Session CERAS
lundi 15 février 2010 au jeudi 18 février 2010
NOMBRE D'HEURES h
NIVEAU initiation
PRIX DU MODULE 500 € TTC
DE LA CRISE, SORTIR CHANGES
Quand a éclaté la crise financière, engendrant la crise économique dont nous constatons les dramatiques conséquences sociales, d’autres crises faisaient déjà l’objet d’inquiétudes : crises énergétique, climatique, alimentaire. Il faut les considérer ensemble pour entrer dans une réflexion vraiment « radicale ».
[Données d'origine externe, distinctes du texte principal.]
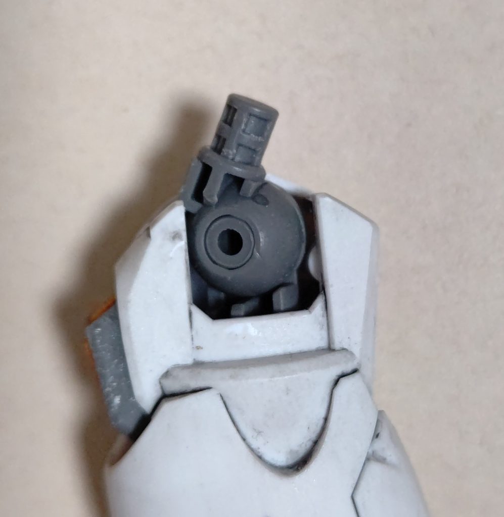別角度から。白いパーツにチタンシルバーのドライブラシが好きで多用しています。劇中の描写だと腕に固定するメリットなさそうですよね、このシールド。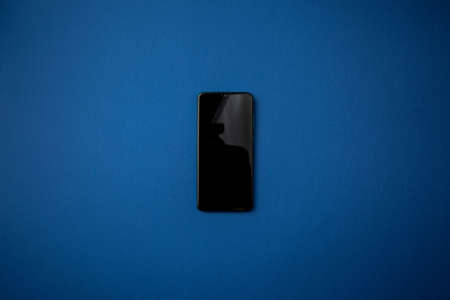 Black smartphone on a blue background. Telephone top view, closeup flat lay.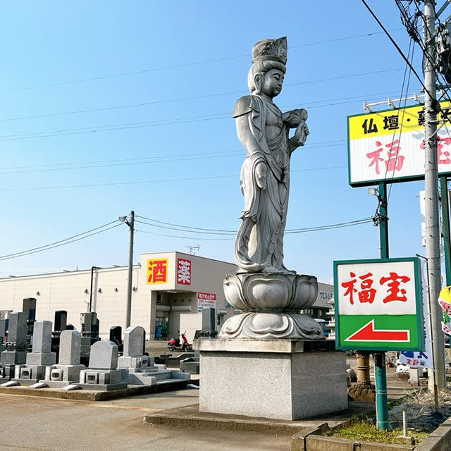 入口にはおよそ6メートルほどの迫力のある聖観音菩薩が目印となっています。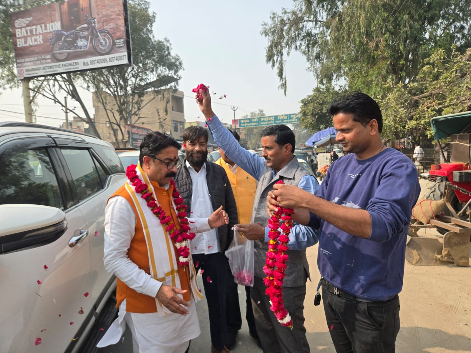 स्वागत के दौरान अध्यक्ष प्रतिनिधि रवि प्रकाश शल्या पूर्व सभासद अंकित गुप्ता भाजपा मंडल अध्यक्ष निक्की पाराशर सुभाष वर्मा सभासद निखिल गुप्ता सचिन कर्दम आदि भाजपा कार्यकर्ता मौजूद थे।

Certes, il importe de parer au plus pressé, et notamment de faire le nécessaire pour atténuer les effets de ces crises sur ceux qui en souffrent le plus : jeunes, migrants, chômeurs, pauvres (ceux de nos pays et plus encore ceux des pays en développement ou « émergents »). Mais ces urgences ne doivent pas détourner d’interrogations plus radicales : comment en sommes nous arrivés là ? La conjonction de ces crises n’invite-t-elle pas à remettre en question beaucoup d’idées et de comportements qui semblaient hier aller de soi ? Des voix s’élèvent pour inviter à saisir, dans cette crise, l’occasion de changer vraiment : changer nos « modes de vie » ; changer la place de l’économie dans nos sociétés. Que valent ces propositions ? Concrètement, en quoi consisteraient de tels changements ? L’Evangile y trouve-t-il une pertinence sociale renouvelée ?
Le chrétien est parfois tenté de s’en tenir à une approche «moralisante» : tout le mal viendrait des excès scandaleux de certains dirigeants (salaires et bonus exorbitants, comportements de prédateurs). La solution consisterait donc à injecter de l’éthique un peu partout. Or l’Eglise, tout en soulignant combien l’éthique doit être centrale dans nos choix de société, rappelle aussi dans sa « doctrine sociale » - remise en lumière par la récente encyclique de Benoît XVI - que le « bien commun universel » ne peut être abandonné à la logique des marchés, même mieux régulés, même «moralisés » : le politique d’une part, les initiatives de la société civile de l’autre doivent jouer leurs rôles spécifiques. Multiforme et planétaire, la crise est d’une telle ampleur qu’elle donne une urgence nouvelle à la recherche d’une sorte de « gouvernance » mondiale, que Jean XXIII et le Concile Vatican II appelaient déjà de leurs vœux.
Pendant ces 4 jours de session, ces questions seront abordées par des experts aux compétences diverses, et illustrées par de nombreuses personnes qui, sur le terrain, prennent des initiatives pour explorer des voies nouvelles, susceptibles de nous faire sortir de la crise, vraiment changés.